→ **COLLECTED MATERIAL**
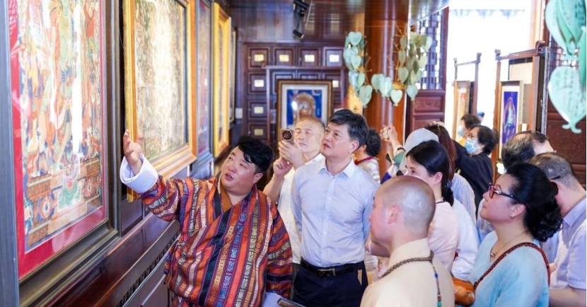 “会心九人展”以文人精神为内核,汇集上海诸多当代书画名家力作。当代书画名家陈翔先生在开幕式致辞中表示:“展览旨在展现传统书画艺术与东方美学思想的深度对话。”同步开展的“妙心无尽”非遗唐卡展,邀请到青海唐卡艺术家桑吉才让现场展示千年非遗技艺,通过矿物颜料与金箔的流光溢彩,展现中华传统工艺的匠心传承。
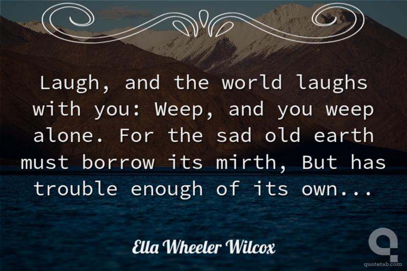 Laugh, and the world laughs with you: Weep, and you weep alone. For the sad old earth must borrow its mirth, But has trouble enough of its own...
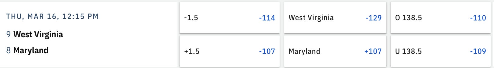 I was going to go with the over in Mizzou/Utah State, but we're sticking with sides here. The first reason I'm taking WVU? Maryland hasn't been great away from home. Their wins on neutral/road courts are: Miami (good), St. Louis (average), Louisville (historically bad), Minnesota x2 (really bad). That's it. Now you have a WVU team that will try to get after Jahmir Young and can throw a couple guys on Scott. I like the matchup and I think the Big 12 is loaded so WVU is a little undervalued.

→ **REQUIRED ACTION**
Print the data above exactly, from its first line to the line bearing "Laugh, and the" inclusive, and keep pictures out of the result.

→ **REPLY TO THE EXERCISE**
 “会心九人展”以文人精神为内核,汇集上海诸多当代书画名家力作。当代书画名家陈翔先生在开幕式致辞中表示:“展览旨在展现传统书画艺术与东方美学思想的深度对话。”同步开展的“妙心无尽”非遗唐卡展,邀请到青海唐卡艺术家桑吉才让现场展示千年非遗技艺,通过矿物颜料与金箔的流光溢彩,展现中华传统工艺的匠心传承。
 Laugh, and the world laughs with you: Weep, and you weep alone. For the sad old earth must borrow its mirth, But has trouble enough of its own...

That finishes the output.